Wednesday 13 June 2018

Margin Of Safety

Margin Of Safety

The Margin of safety is a tool that can provide information about how large the volume of sales or budgeted results of certain sales could be down so that the company does not suffer any loss. Nargin numbers of safety will provide clues as to the amount of the maximum decrease in sales volume of planned or budgeted at once did not result in losses.

By knowing the margin of safety will benefit for the progress of the company in this case nargin of safety for the company which is the requirement for management to know the limits of security from the sales conditions and can also be Note how that must be produced in order for sales approaching point break even point.

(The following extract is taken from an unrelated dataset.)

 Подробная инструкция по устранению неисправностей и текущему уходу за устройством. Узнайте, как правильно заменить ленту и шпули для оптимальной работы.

The margin of safety is a number that indicates the distance between the planned sales with sales break even point.

It can be inferred that the Sense meant by the margin of safety is the limit distance security where the amount of sales exceeds nor loss.
Understanding the limits of break even point (offset) is break even a situation where an undertaking does not suffer a loss. In other words an attempt is said to break even when the amount of revenue equal to the cost, or if fixed costs only.

The break even analysis is a way or for the techniques used by someone the officer/Manager of the company to find out on the volume (amount) of production and sales volumes on the some of the companies in question did not suffer losses and do not earn a profit.

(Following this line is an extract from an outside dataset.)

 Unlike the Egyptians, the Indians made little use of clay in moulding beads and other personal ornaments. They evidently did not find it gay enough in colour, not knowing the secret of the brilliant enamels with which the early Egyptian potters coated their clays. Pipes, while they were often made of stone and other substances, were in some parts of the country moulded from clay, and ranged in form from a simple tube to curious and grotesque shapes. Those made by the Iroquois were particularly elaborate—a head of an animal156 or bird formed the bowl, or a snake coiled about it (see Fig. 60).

Break even point is a situation where the number of sales is equal to the amount of the costs or the State of which the company does not earn a profit or not suffer losses, the company's profit or equal to zero.

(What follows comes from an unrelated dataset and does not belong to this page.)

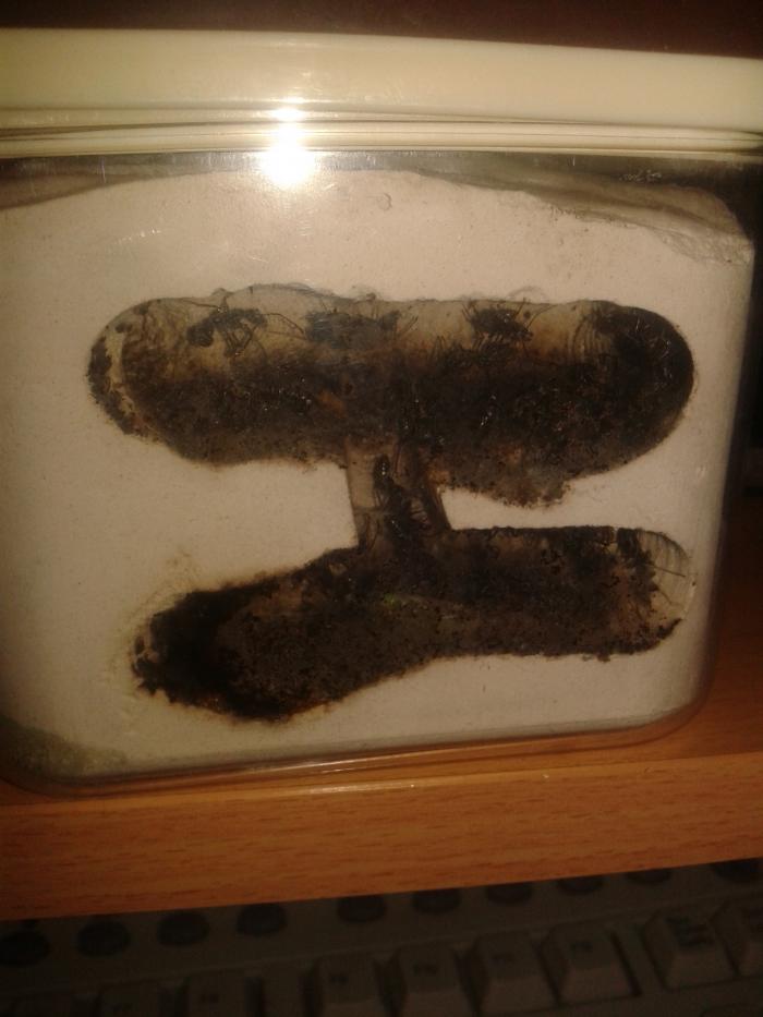 При перемещении старого формика - с помощью фонарика попытался посмотреть наличие расплода. Увидел только кучу мурашей, у одного - кокон, они будут забивать едой форм до тех пор пока позволяет площадь? Просто мессоры и лазиусы излишек не брали, а эти нычат все что можно есть в своих закрамах.

A company is said to be break even point in his attempts at one period is the amount of the fee by the number of the sales results are the same anyway. It suffered no harm and do not earn a profit. The company's activity appears to be no results achieved due to the expected profits by companies do not exist and there are also losers.


The analysis of the break even is a technical analysis to study the relationship of costs, profit and volume of activities.

Therefore, the analysis examines the relationship between costs, profit volume of activity, then the analysis is also called cost-profit analysis (C.P.Y. Analysis). In planning profits, break even analysis is a non-profit Planning Approach based on the relationship between the cost (cost) and the sales income (revenue).

To implement a breakeven or break even point (BEP) that some assumptions (assumption), as follows:

  1. Costs in the company can be divided in the variable costs and the fixed costs.
  2. The magnitude of the variable costs are proportional with the changeable in the totality of production volume/sales. Means that the variable cost per unit varies due to changes in the volume of activity.
  3. The magnitude of fixed costs in totality does not change although there are changes in the volume/sales. Means that the fixed costs per unit varies due to changes in the volume of activity.
  4. The selling price per unit not changeable during the period analyzed.
  5. When the company produced more than one kind of product, then consideration in generating sales between each product or "the mix sales" is a fixed constant.

Break even Analysis is very important for the direction of companies, as follows:

  1. The base or Foundation in planning for the advantage level in gain (profit planning)
  2. The basis for determining the level of production that are beneficial in the sense that on a certain level of production the company will earn a profit on top of BEP production levels and prevent/lower sales from a BEP.
  3. The basis for controlling the operations that are currently selling (control). 
Thus it can be said that the break even analysis is an analysis tool that is very useful and important to know by company managers, because by doing so may indicate the reasons for the favorable circumstances and disadvantage.

The purpose of analysis break even this is important to know the profit or loss experienced by the company. In dealing with declining turnover, breakeven is actually a sign of light is a danger to the company. This means that on sale for the company's breakeven point experience advantage.

And if the sales turnover decreased continuously until under break-even then companies will suffer losses. Furthermore if the company doesn't raise turnover sales above break-even for a long period of time, then it is likely the company will be wound up. Therefore, the company should strive to maintain so that turnover remained above break even.